Detail of a balustrade that utilizes cosmatesque ornament as a detail and as an accent to the red, white and green marbles and granite revetments.

An ambo comprised of various coloured stonework as well as cosmatesque ornament

Of course, if you want to see the marble revetments of ancient Rome itself in tact, one need only turn to the Pantheon where it is still spectacularly on display:

As mentioned at the beginning of this article, this was not a purely Western Roman phenomenon by any stretch; it also extended into the Eastern Roman Empire, the most excellent example being Hagia Sophia in the heart of the ancient city of Constantinople.

Hagia Sophia, Constantinople (Istanbul)

Hagia Sophia, Constantinople (Istanbul)

Detail of one of the walls of Hagia Sophia

I would be remiss to not mention perhaps one of the most spectacular 'modern' approaches to the use of polychrome marbles in an ecclesiastical structure, and that is the Medici chapel -- specifically the "cappella dei principi" which is located behind the high altar of the basilica of San Lorenzo in Florence.  The Mecici's were fascinated by this type of work, and as they did with so many other things, setup workshops ("laboratories") to study and practice its use -- an art which in Florence is referred to as "commessi." 

Marble revetments such as we'v shown so far are ultimately an extension of the more broad category of "opus sectile" (tile work) which first appeared in Republican era Rome around the second century B.C. in this simpler form as geometric pavements; within a few centuries this expanded to include explicitly pictorial representations as well -- perhaps an article for another time, while the cosmatesque work of the middle ages expanded this further by using small geomretic stones or glass to create complex patterns. The Cappella dei Principi of the Medici spectacularly incorporates all such elements, ranging from very simple but colourful marble revetments of the earlier tradition to complex pictorial representations made from cut inlaid marble.  

To show the possible variations on all this, I would point you to the Euphrasian basilica of Porec, Croatia, which shows a nice example of this kind of mixture of broader geometrical patterns with smaller, more intricate ones:

Turning again to the ancient world, we are fortunate to still have the floor of the Curia Iulia, the ancient Roman Senate building located in the Roman Forum, in tact. There we can see the imperial era practice of cutting marbles, not just in basic geometric forms, but rather creating more complex pictorial images:

Of course, the work could get much more involved than even this, as for example in this famous work which came from the Basilica of Junius Bassus in Rome dated to the first half of the fourth century:

At any rate, these are perhaps a focus for another day.
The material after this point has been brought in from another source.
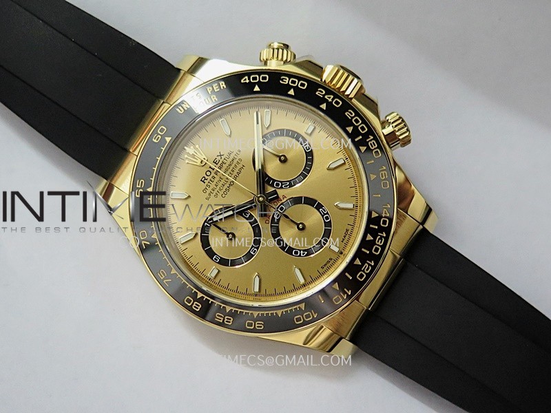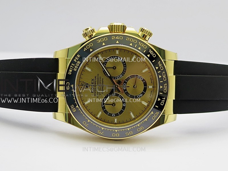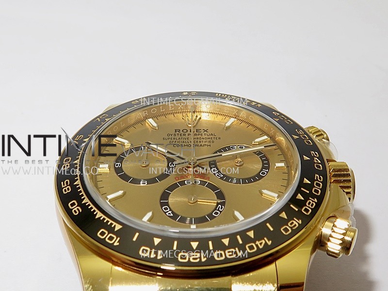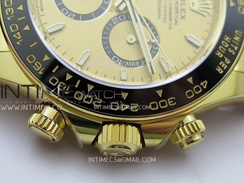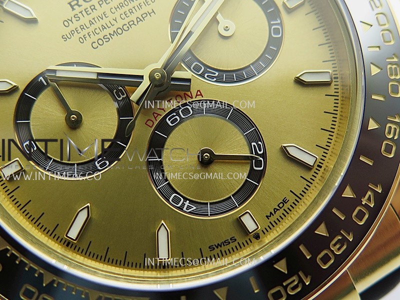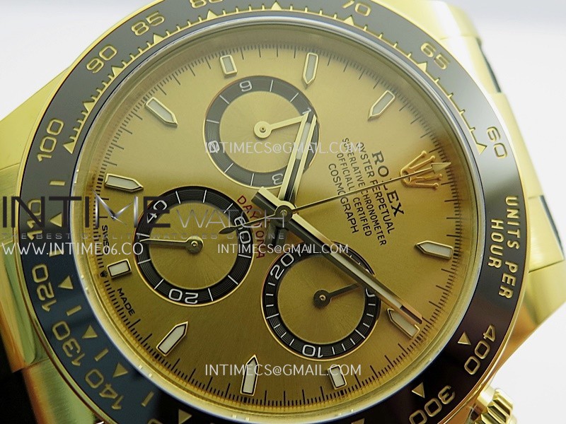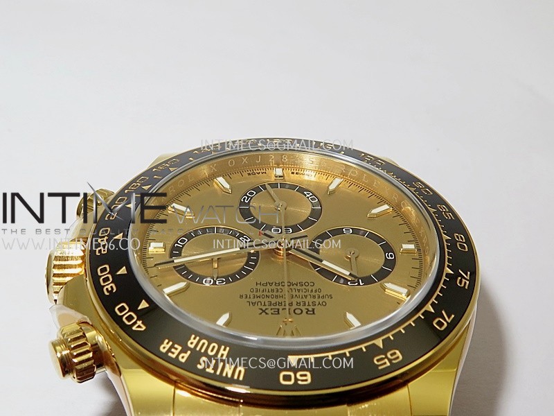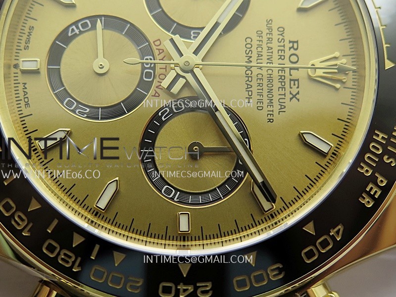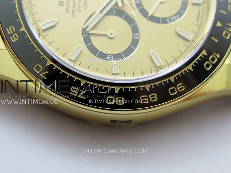 Bezel Black ceramic tachymeter bezel, real gold plated correct markers, same shape and depth as genuine bezel

The main point I wished to draw our readers attention to are rather to are the less complex, but still extraordinary ornamental and beautiful marble revetments that can be found to grace many of the most important churches and basilicas of Christendom.

The next time you are in one of these churches or basilicas, make sure you stop to admire these precious and beautiful marbles that cloth these buildings and tbeir various liturgical elements. It can be very easy to pass them by or to simply give them a quick glance.

However, one should be aware that what you are looking at is an element that united the ancient world with Christendom; an element that was much coveted and extremely precious. Don't let the enjoyment and appreciation of these pass you by.